The need for a new space arose back in 2007 when Meyer Library was deemed “seismically unsafe” and scheduled for demolition. The Academic Council Committee on Libraries (C-LIB) convened two subsequent subcommittees – one spearheaded by art history professor Michael Marrinan and the other headed by history professor Matthew Sommer – to look into the issue of lost shelving space following Meyer’s demise, as well as the future of printed materials in general at Stanford.

After studying the questions raised by its subcommittees’ reports, C-LIB was on the verge of filing a report, which would have recommended that the University construct a new, freestanding building east of Green Library East. The GSB’s move to Knight Management Center, however, left the old Jackson Business Library, as well as the rest of the South building, vacant. Herkovic said the space became “a solution very late in the game.”

According to Herkovic, the Stanford libraries had “little assurance” that the University would ever authorize the construction of a new building for the East Asia Library because of limitations on growth imposed by Santa Clara County. The libraries had started looking into the possibility of moving the collection into existing spaces within Green Library, but found that this would have been “very disruptive to all the humanistic and social science scholars on campus.”

“[GSB South] feels like a last minute rescue to me,” Herkovic said.

C-LIB chair John Bender said that while GSB South is a “satisfactory alternative,” the faculty committee still recommends that a new building be constructed east of Green East.

“A new building would be designed specifically for the needs of the faculty and students and the staff who would support them,” Bender said. “It would be a fundraising opportunity with regard to the East Asia Library, and it would open the potential for new kinds of spaces that we don’t now have.”

In particular, Bender said that past reports have recommended the creation of “research modules,” where faculty could work for three to four years at a time and keep all of their research materials assembled in one place.

Despite these concerns, he said, “the library committee is prepared to accept this move to GSB South as a satisfactory solution while hoping that we will eventually see a new building.”

When that new building will be a reality remains unclear. At last February’s Faculty Senate meeting, Etchemendy said GSB South had “20 – and maybe even 30 – years of life left in it.”

One benefit of the relocation to GSB South is the potential to turn a space that was originally a business school café into a combination of a food-services operation and a 24-hour study space, according to Bender. Herkovic, however, said that the plan the Provost forwarded to the Board of Trustees excluded this food-service area.

“It is out of the scope of the scheme, which leaves the question of whether there will be food service there or not,” Herkovic said. “The plan is silent on that.”

The University estimates the relocation would cost more than $50 million and hopes to gain the backing of a donor to support the project.

“We are hopeful that for the East Asia Library in particular that there will be some very attractive naming opportunities,” Herkovic said. “We have been talking for years with some very distinguished people within the East Asian community about naming spaces within the East Asia Library, which wasn’t going to happen if we were going to tear it down. So this creates some opportunities for us.”

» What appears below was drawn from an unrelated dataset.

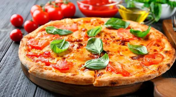 Pomodoro, mozzarella, prosciutto, funghi, carciofini, ricotta, wurstel, salamino piccante, uovo sodo e olive
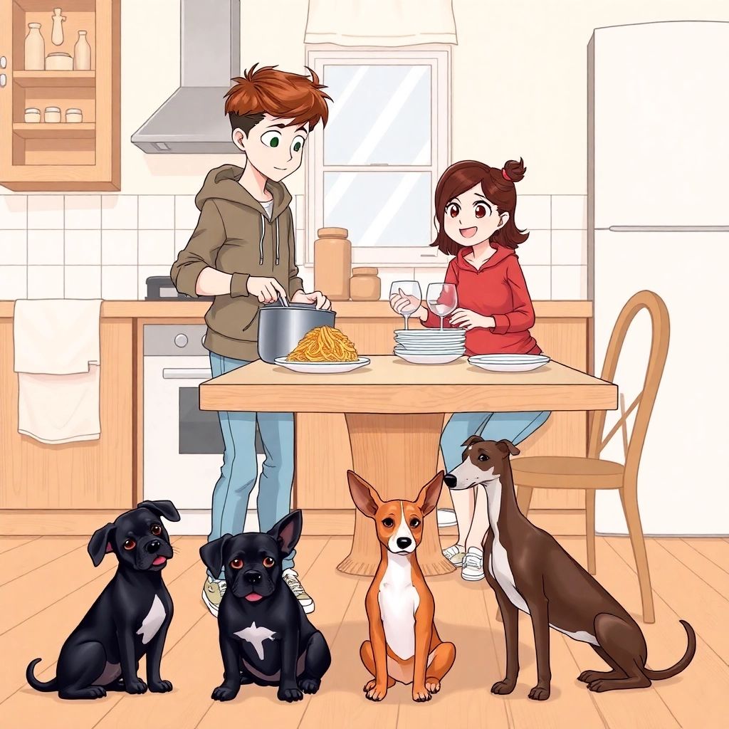 Am Abend kehrten sie glücklich und müde nach Hause zurück. [Carl](CRTNJPHM) kochte Spaghetti mit Tomatensauce, während [Frieda](9KKXXWCM) den Tisch deckte. Die Hunde lagen unter dem Tisch, schauten neugierig nach oben und warteten darauf, dass etwas herunterfiel.

If the Board of Trustees approves the plan, the University will commission final drawings and start the process of selecting contractors and bidding. Construction would begin in early 2013, and the space would be ready for occupancy in the summer of 2014. At that point, Meyer would be scheduled for demolition.

“I’m just very delighted that this has come this far,” Herkovic said. “It’s sort of a new chapter for the library, which has been losing spaces. We lost the physics library last year, and this is the first real sense of renewal and growth that we’ve had for some years now.”